WHAT THE EXERCISE ASKS =
The listing below should be printed exactly, though its pictures must not be.

DATA SHOWN =
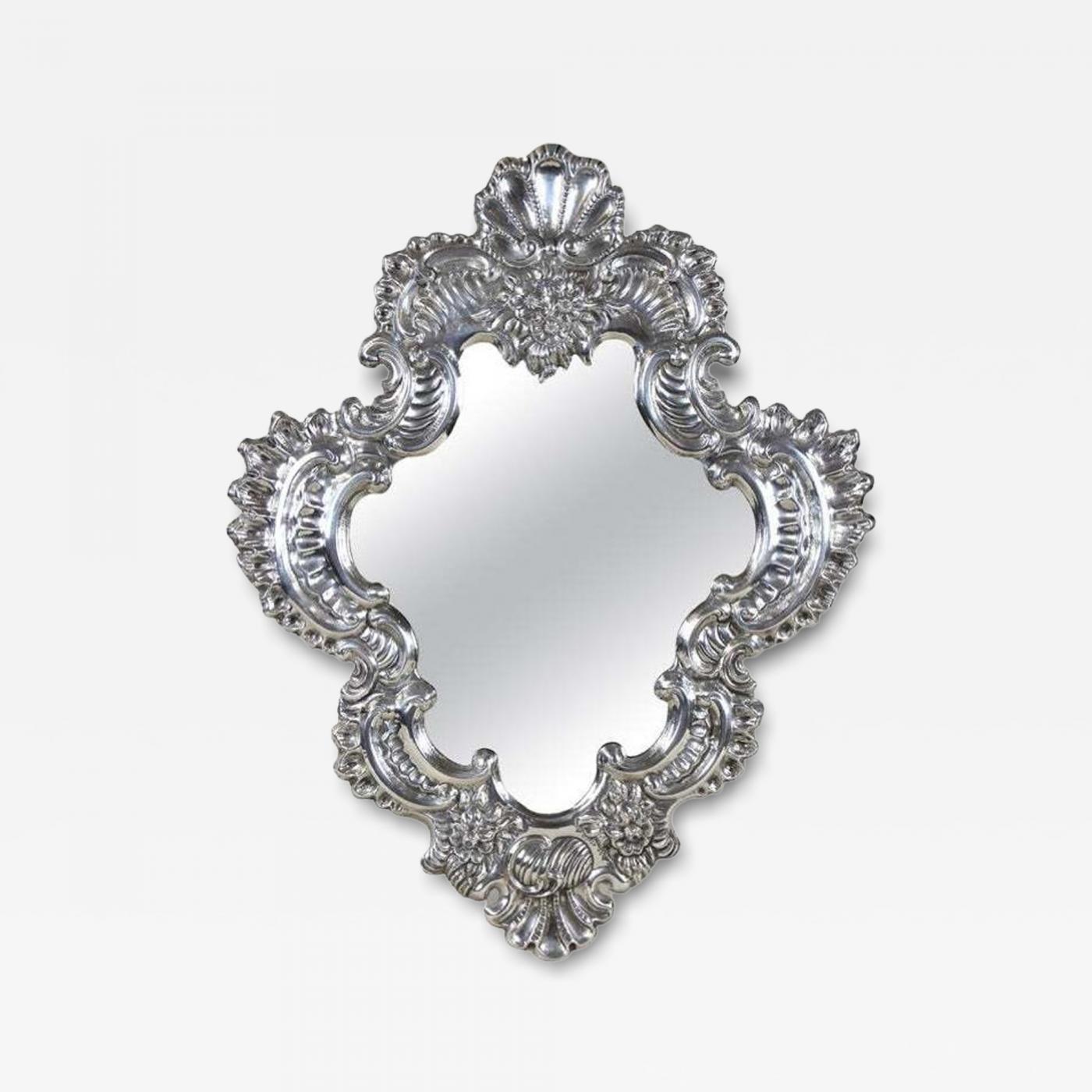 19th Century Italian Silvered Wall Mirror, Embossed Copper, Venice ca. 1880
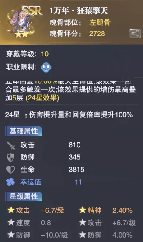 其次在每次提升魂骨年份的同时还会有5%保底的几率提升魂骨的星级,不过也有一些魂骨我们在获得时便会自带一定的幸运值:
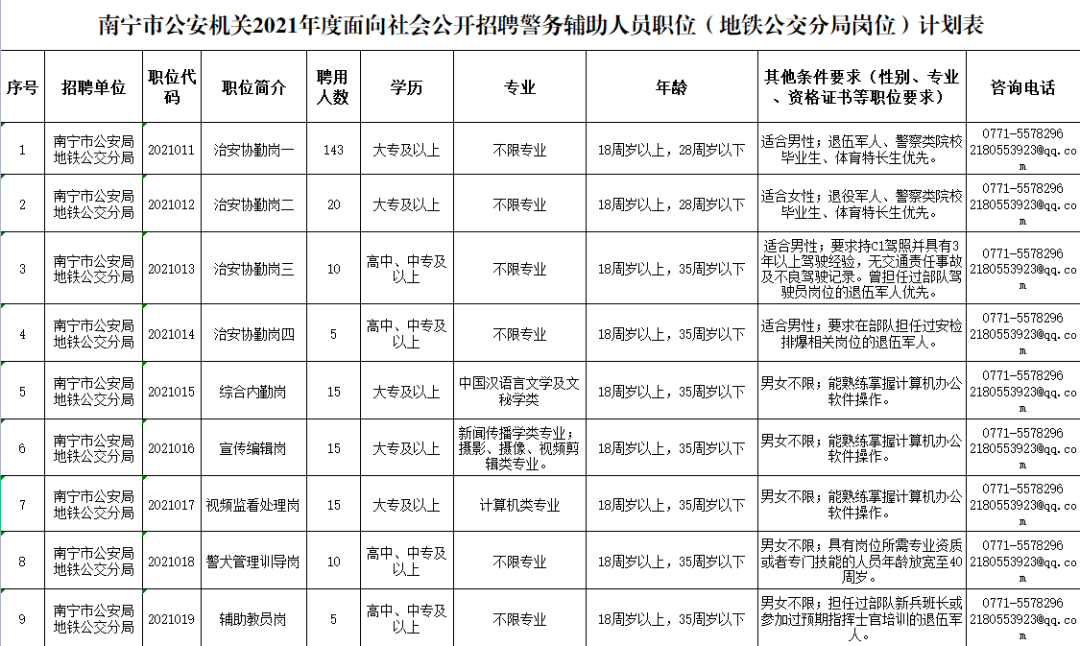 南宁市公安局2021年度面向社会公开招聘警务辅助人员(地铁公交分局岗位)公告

REPLY =
 19th Century Italian Silvered Wall Mirror, Embossed Copper, Venice ca. 1880
 其次在每次提升魂骨年份的同时还会有5%保底的几率提升魂骨的星级,不过也有一些魂骨我们在获得时便会自带一定的幸运值:
 南宁市公安局2021年度面向社会公开招聘警务辅助人员(地铁公交分局岗位)公告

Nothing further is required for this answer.